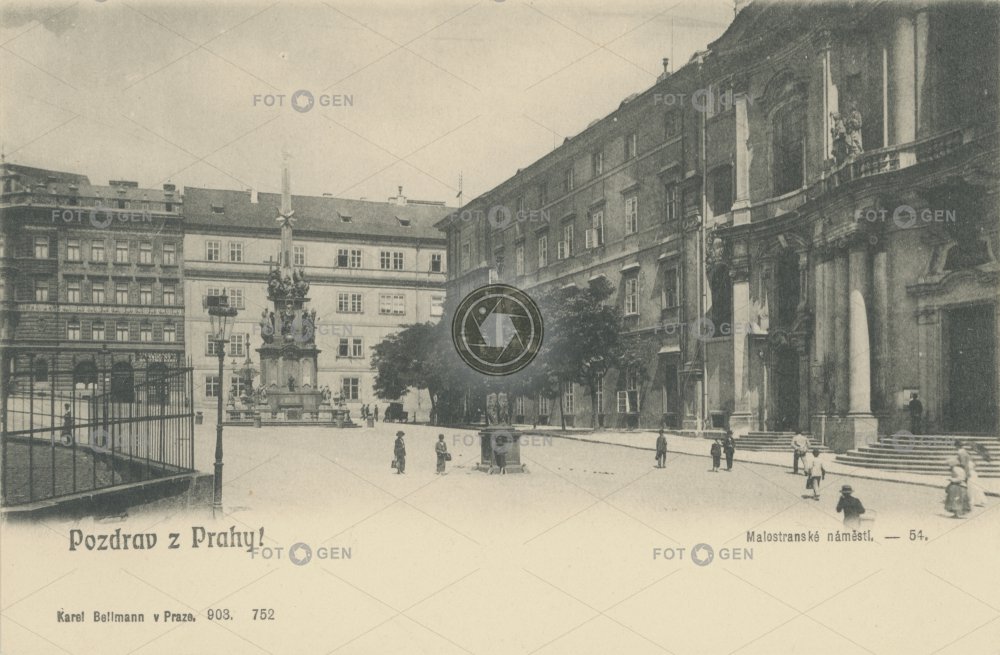1903 church kandelábr Karel Bellmann kostel lamppost Lesser Town Lesser Town Square Malá Strana Malostranské náměstí místopis morový sloup Plague Column pouliční osvětlení Prague Praha street lamp sv. Mikuláše topography
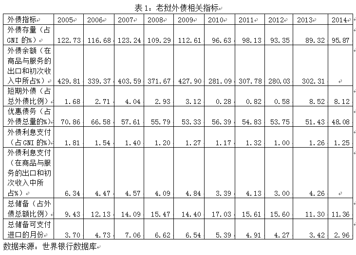 实际上,无论使用静态指标比率或是动态模型来衡量一国债务可持续性,得到的短期基本结论应该趋于一致,只是比率法应该考虑结合更多的外部因素加以分析。因此本文采用指标比率的方法来衡量老挝债务基本状况。再者,因老挝属于世界范围内重债穷国那一类国家,世界银行专门对这类重债穷国设定了一系列债务可持续性分析框架。因此,除了分析老挝基本普通的静态比率衡量指标,更多的考虑是结合世界银行标准对老挝的债务可持续水平进行更为合理的评价。
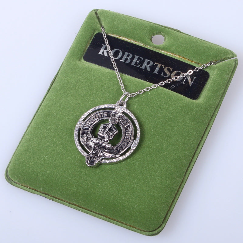 Show off your Scottish heritage with our stunning Robertson Clan Crest Pendant. With over 120 crest options to choose from, this pewter pendant with a palladium finish is the perfect accessory to express your pride. Whether you're attending a traditional Scottish gathering or simply want to add a touch of your ancestry to your everyday look, this pendant is a must-have.
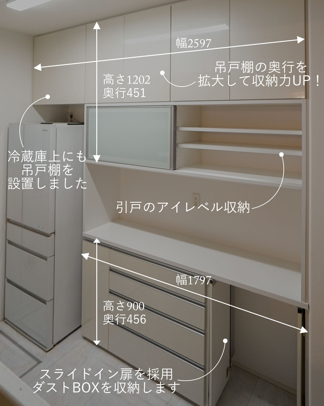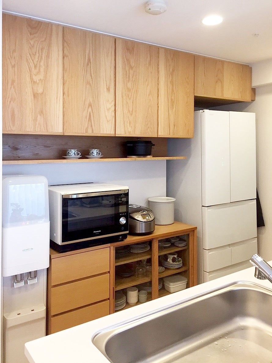 吊り戸棚奥行き77ミリ増、下台は474ミリ、まさにミリ単位調整!-東京都の施工事例 オーダー食器棚プレミアム │オーダー家具専門店GNASH ナッシュ。
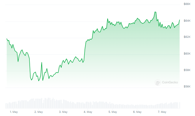 At the time of writing, BTC was trading at $63,765, down 1.2% in the last 24 hours, and sustained a meager 0.6% gain in the last seven days, data from Coingecko shows.
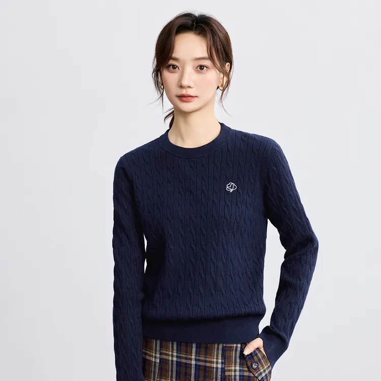 【莫瑞系穿搭】茵曼25秋季简约圆领麻花针织衫通勤百搭显瘦打底毛衣
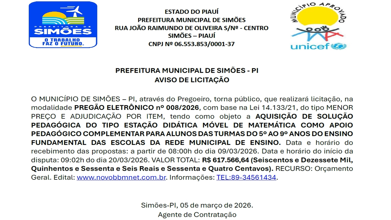 LICITAÇÃO Nº 008/2026 PARA AQUISIÇÃO DE SOLUÇÃO PEDAGÓGICA DO TIPO ESTAÇÃO DIDÁTICA MÓVEL DE MATEMÁTICA COMO APOIO PEDAGÓGICO COMPLEMENTAR PARA ALUNOS DAS TURMAS DO 5º AO 9º ANOS DO ENSINO FUNDAMENTAL DAS ESCOLAS DA REDE MUNICIPAL DE ENSINO
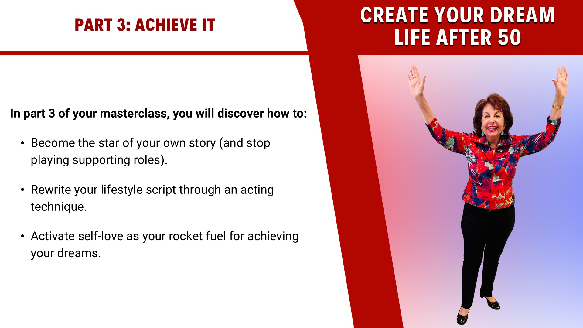 My "See It, Believe It & Achieve It" framework is the foundation for what you will discover in the masterclass. I developed and personally used this framework to fulfill my life-long dream of becoming a full-time character actress in Hollywood in my 40s and 50s and become a 3-time international bestselling author in my 60s.
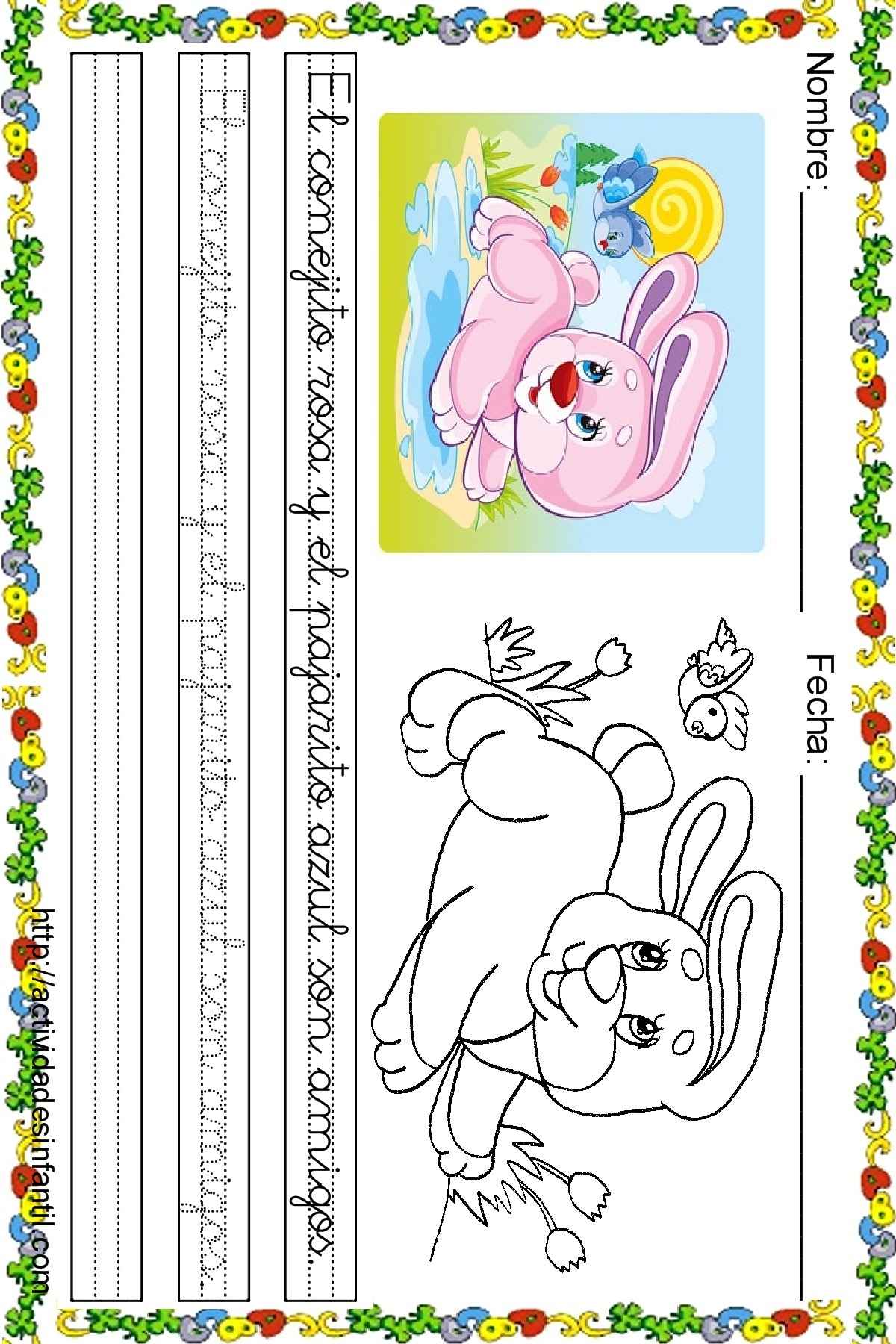 Lectoescritura para niños. Un simpático conejo ayudará a que los peques aprendan las letras y su trazo. Además podrán colorear el dibujo.
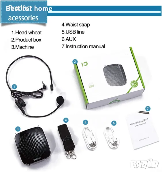 Лек и многофункционален: Преносимата PA система е лека за носене, може да се закачи за колан или да се окачи на врата с помощта на предоставената каишка за врат. Преносимият микрофон е лек и не се плъзга от главата. Добре е, че безжичните микрофони се предлагат в две части, може да се използва и като ръчен микрофон, ако някой иска да го използва по този начин. Слушалките се разглобяват много лесно за съхранение.

→ **WHAT TO WORK ON**
Reproduce each entry exactly as given; no pictures, please.

→ **RESULT**
1903 church kandelábr Karel Bellmann kostel lamppost Lesser Town Lesser Town Square Malá Strana Malostranské náměstí místopis morový sloup Plague Column pouliční osvětlení Prague Praha street lamp sv. Mikuláše topography
 实际上,无论使用静态指标比率或是动态模型来衡量一国债务可持续性,得到的短期基本结论应该趋于一致,只是比率法应该考虑结合更多的外部因素加以分析。因此本文采用指标比率的方法来衡量老挝债务基本状况。再者,因老挝属于世界范围内重债穷国那一类国家,世界银行专门对这类重债穷国设定了一系列债务可持续性分析框架。因此,除了分析老挝基本普通的静态比率衡量指标,更多的考虑是结合世界银行标准对老挝的债务可持续水平进行更为合理的评价。
 Show off your Scottish heritage with our stunning Robertson Clan Crest Pendant. With over 120 crest options to choose from, this pewter pendant with a palladium finish is the perfect accessory to express your pride. Whether you're attending a traditional Scottish gathering or simply want to add a touch of your ancestry to your everyday look, this pendant is a must-have.
 吊り戸棚奥行き77ミリ増、下台は474ミリ、まさにミリ単位調整!-東京都の施工事例 オーダー食器棚プレミアム │オーダー家具専門店GNASH ナッシュ。
 At the time of writing, BTC was trading at $63,765, down 1.2% in the last 24 hours, and sustained a meager 0.6% gain in the last seven days, data from Coingecko shows.
 【莫瑞系穿搭】茵曼25秋季简约圆领麻花针织衫通勤百搭显瘦打底毛衣
 LICITAÇÃO Nº 008/2026 PARA AQUISIÇÃO DE SOLUÇÃO PEDAGÓGICA DO TIPO ESTAÇÃO DIDÁTICA MÓVEL DE MATEMÁTICA COMO APOIO PEDAGÓGICO COMPLEMENTAR PARA ALUNOS DAS TURMAS DO 5º AO 9º ANOS DO ENSINO FUNDAMENTAL DAS ESCOLAS DA REDE MUNICIPAL DE ENSINO
 My "See It, Believe It & Achieve It" framework is the foundation for what you will discover in the masterclass. I developed and personally used this framework to fulfill my life-long dream of becoming a full-time character actress in Hollywood in my 40s and 50s and become a 3-time international bestselling author in my 60s.
 Lectoescritura para niños. Un simpático conejo ayudará a que los peques aprendan las letras y su trazo. Además podrán colorear el dibujo.
 Лек и многофункционален: Преносимата PA система е лека за носене, може да се закачи за колан или да се окачи на врата с помощта на предоставената каишка за врат. Преносимият микрофон е лек и не се плъзга от главата. Добре е, че безжичните микрофони се предлагат в две части, може да се използва и като ръчен микрофон, ако някой иска да го използва по този начин. Слушалките се разглобяват много лесно за съхранение.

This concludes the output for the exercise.